__Data shown__:
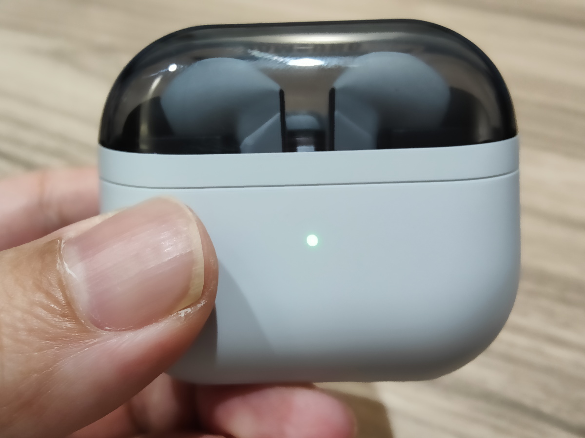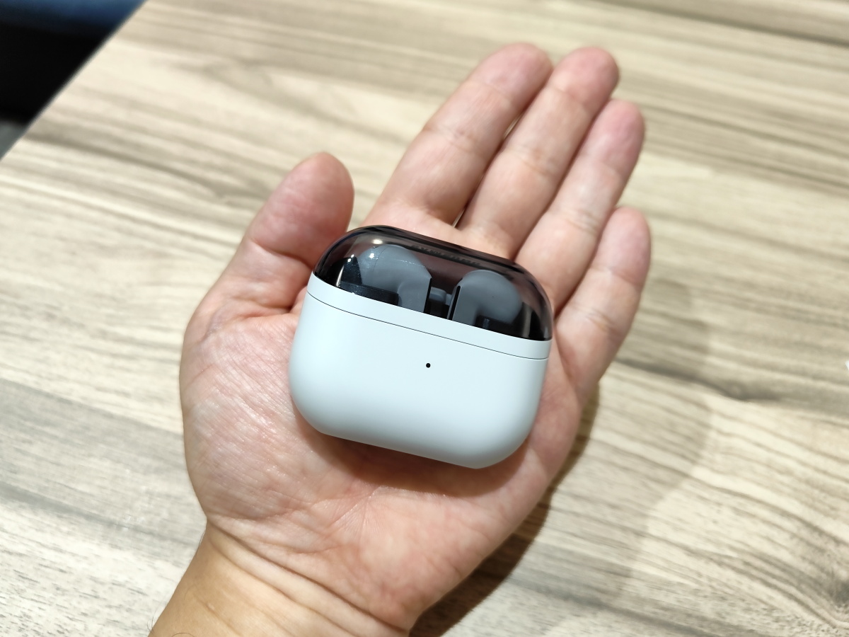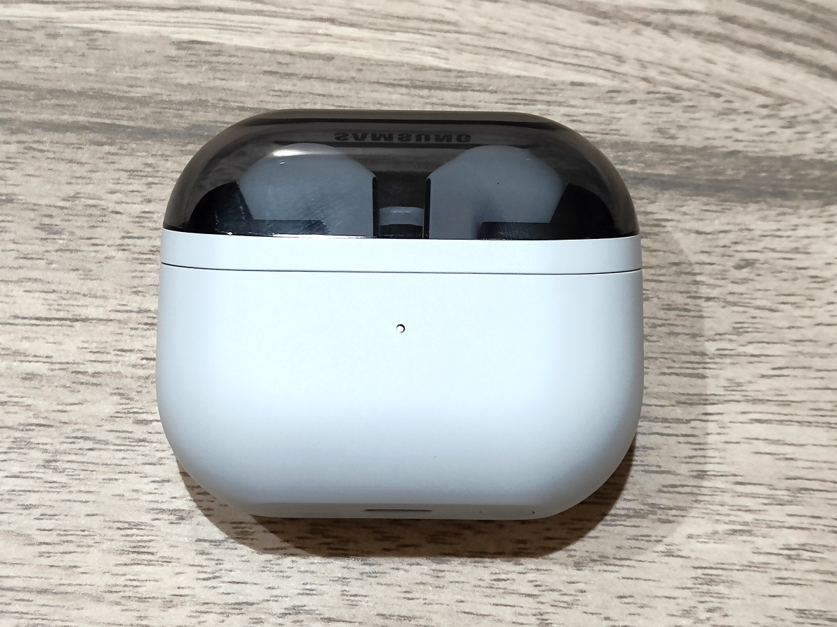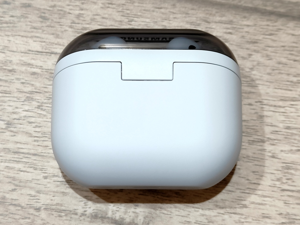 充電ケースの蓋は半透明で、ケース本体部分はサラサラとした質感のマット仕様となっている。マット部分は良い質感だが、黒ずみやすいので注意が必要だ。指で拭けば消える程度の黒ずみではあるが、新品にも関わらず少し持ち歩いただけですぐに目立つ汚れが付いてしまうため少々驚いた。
* * *
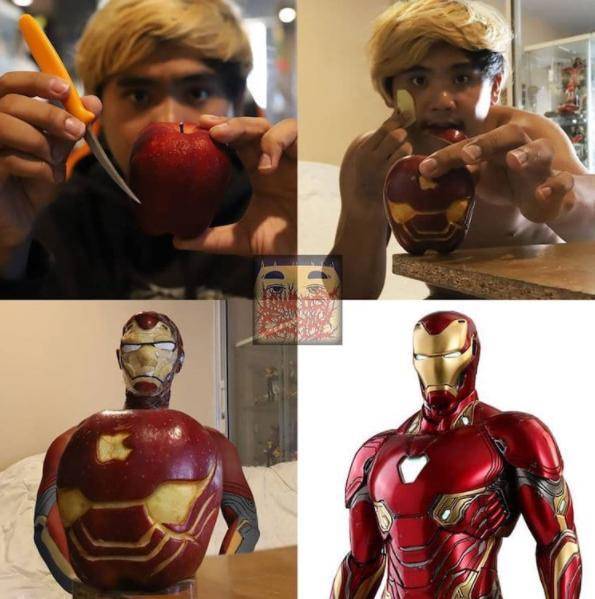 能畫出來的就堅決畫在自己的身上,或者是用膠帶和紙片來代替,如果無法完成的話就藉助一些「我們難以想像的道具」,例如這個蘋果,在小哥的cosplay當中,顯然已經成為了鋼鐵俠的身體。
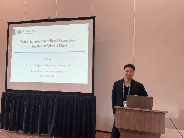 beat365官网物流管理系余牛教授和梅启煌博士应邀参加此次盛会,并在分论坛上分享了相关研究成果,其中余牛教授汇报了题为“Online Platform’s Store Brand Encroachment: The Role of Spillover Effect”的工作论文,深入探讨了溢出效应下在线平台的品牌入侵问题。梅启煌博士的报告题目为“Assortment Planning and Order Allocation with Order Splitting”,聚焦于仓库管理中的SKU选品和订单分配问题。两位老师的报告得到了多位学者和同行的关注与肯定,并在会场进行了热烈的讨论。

__Problem statement__: Within the listing above, the lines starting at the one containing "能畫出來的就堅決畫在自己的身" and ending at the one containing "Platform’s Store Brand" are to be returned exactly. Omit the pictures.

__Final answer__:
 能畫出來的就堅決畫在自己的身上,或者是用膠帶和紙片來代替,如果無法完成的話就藉助一些「我們難以想像的道具」,例如這個蘋果,在小哥的cosplay當中,顯然已經成為了鋼鐵俠的身體。
 beat365官网物流管理系余牛教授和梅启煌博士应邀参加此次盛会,并在分论坛上分享了相关研究成果,其中余牛教授汇报了题为“Online Platform’s Store Brand Encroachment: The Role of Spillover Effect”的工作论文,深入探讨了溢出效应下在线平台的品牌入侵问题。梅启煌博士的报告题目为“Assortment Planning and Order Allocation with Order Splitting”,聚焦于仓库管理中的SKU选品和订单分配问题。两位老师的报告得到了多位学者和同行的关注与肯定,并在会场进行了热烈的讨论。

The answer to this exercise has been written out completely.